■ ACTIVITY
Make an exact transcript of the lines in the data below, starting with the one containing "Plaza matgrupp med" and going on through the one containing "口腔医学院制定了《以泛雅平台为主要载体的线上教学质量全程监控的实施方案》。", with both included and the pictures left out.

■ PROVIDED RECORDS
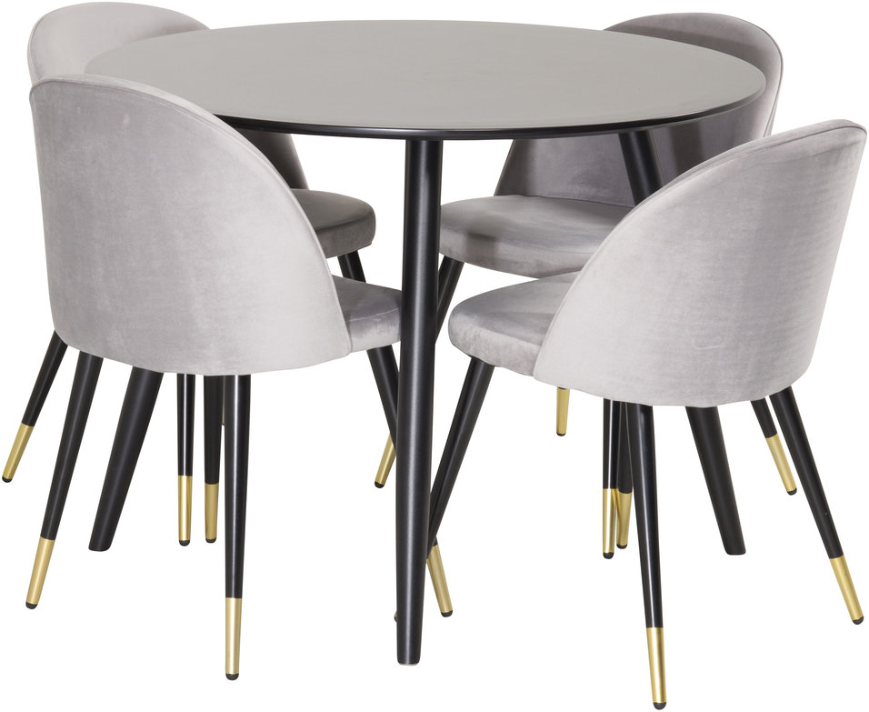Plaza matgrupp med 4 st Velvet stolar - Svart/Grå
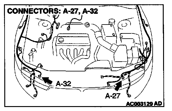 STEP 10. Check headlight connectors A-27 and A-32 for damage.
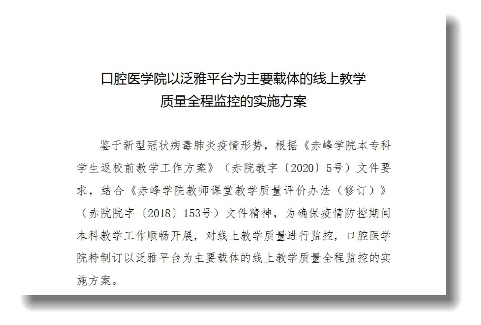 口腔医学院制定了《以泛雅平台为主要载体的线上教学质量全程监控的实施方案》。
--
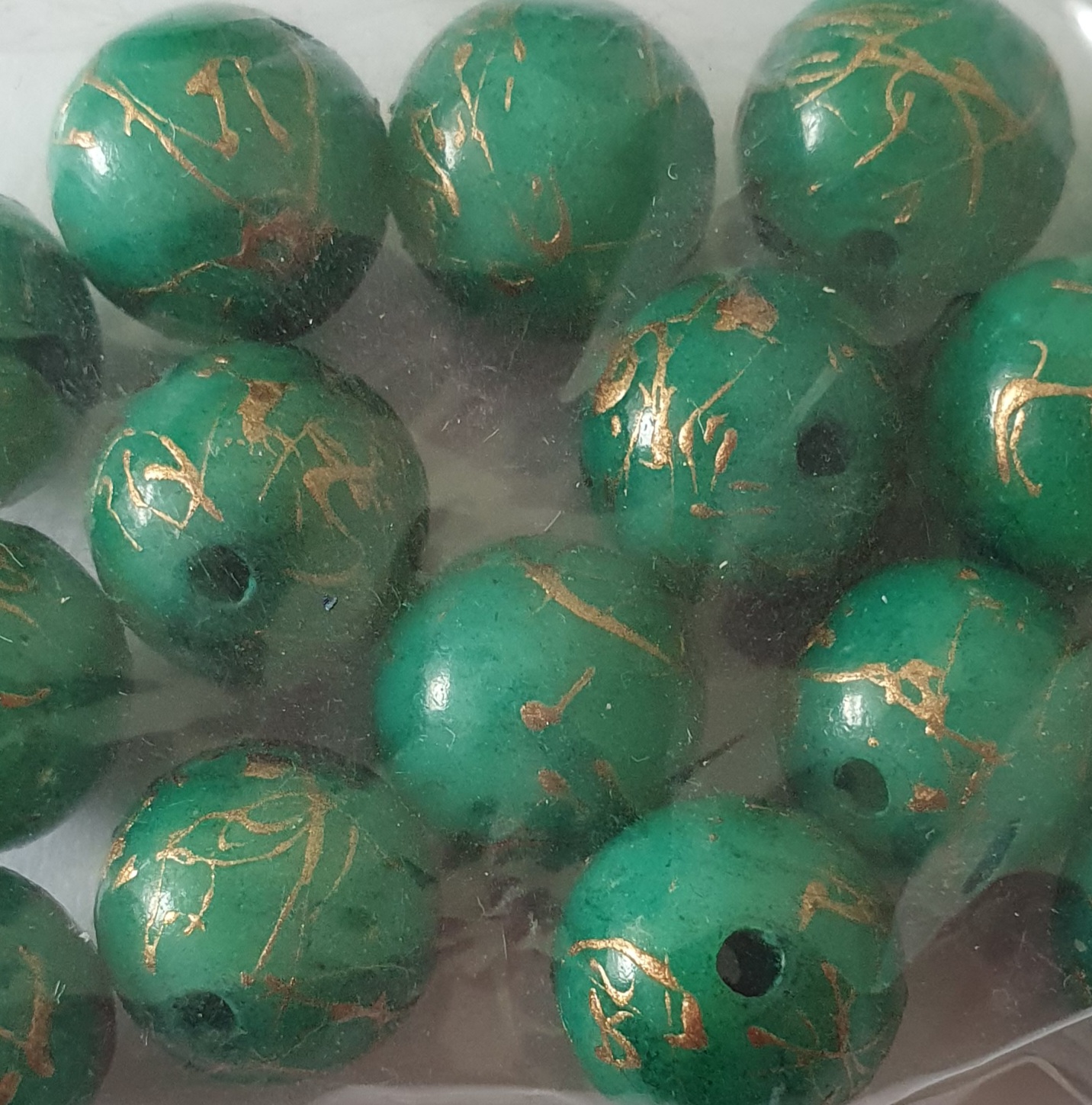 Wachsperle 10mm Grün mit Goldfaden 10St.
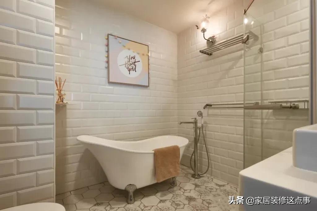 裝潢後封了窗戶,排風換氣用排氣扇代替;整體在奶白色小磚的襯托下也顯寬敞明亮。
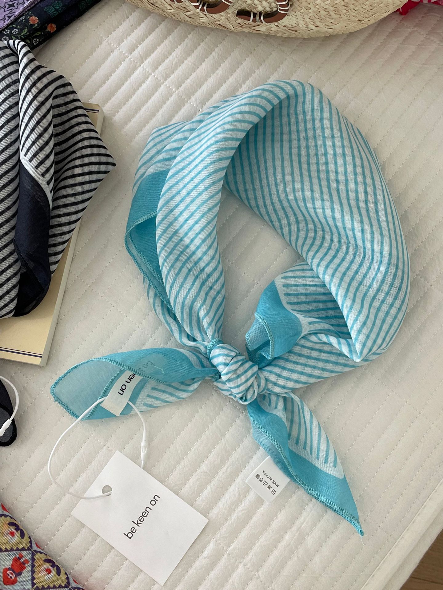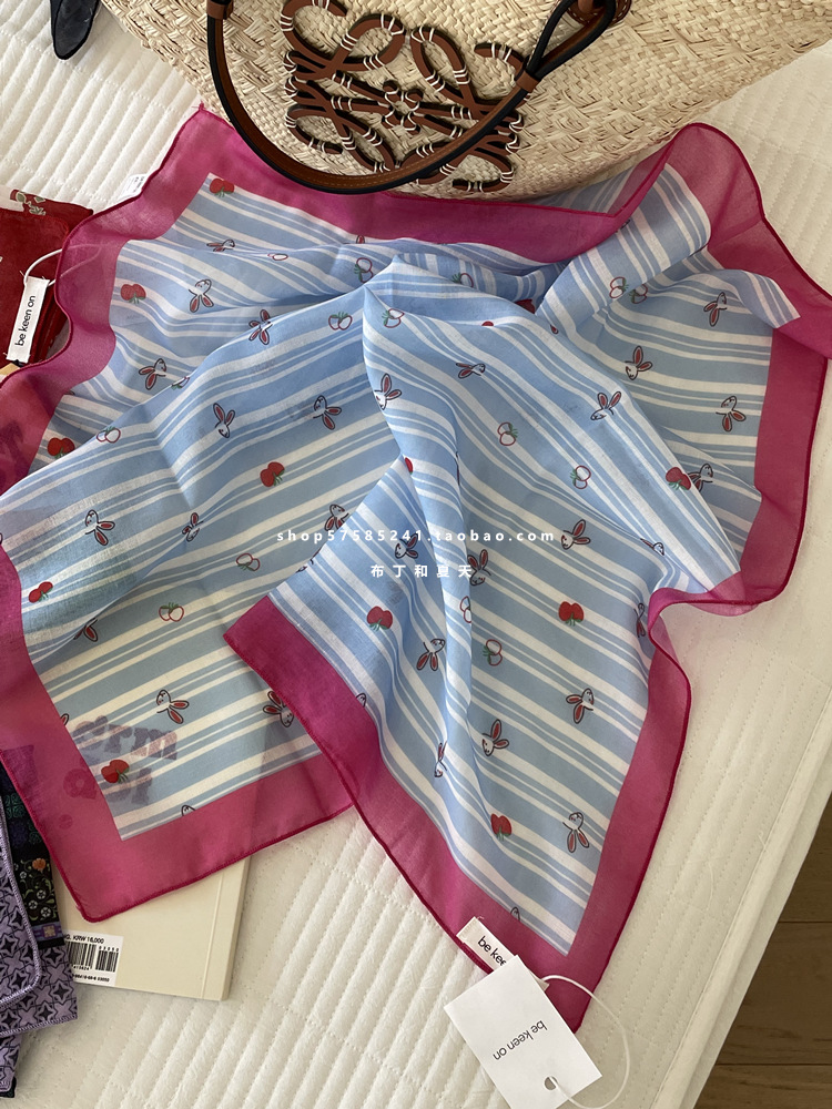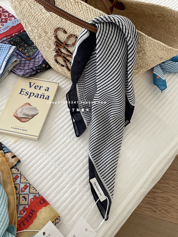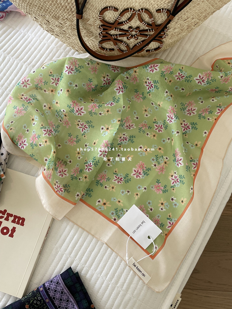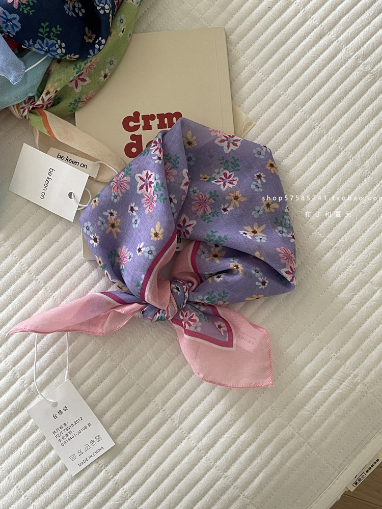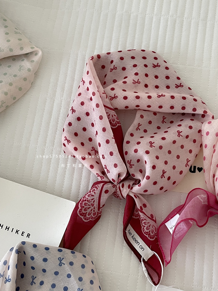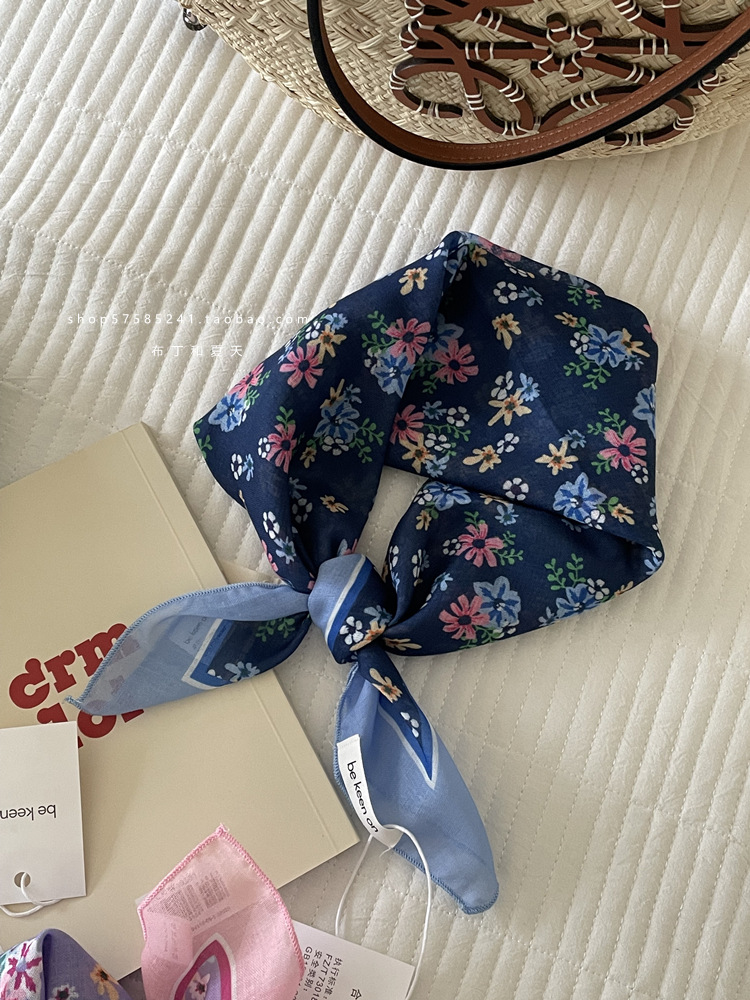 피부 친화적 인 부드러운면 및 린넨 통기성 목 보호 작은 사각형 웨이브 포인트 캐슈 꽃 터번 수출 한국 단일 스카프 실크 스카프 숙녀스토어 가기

■ ANSWER FOR THE TASK
Plaza matgrupp med 4 st Velvet stolar - Svart/Grå
 STEP 10. Check headlight connectors A-27 and A-32 for damage.
 口腔医学院制定了《以泛雅平台为主要载体的线上教学质量全程监控的实施方案》。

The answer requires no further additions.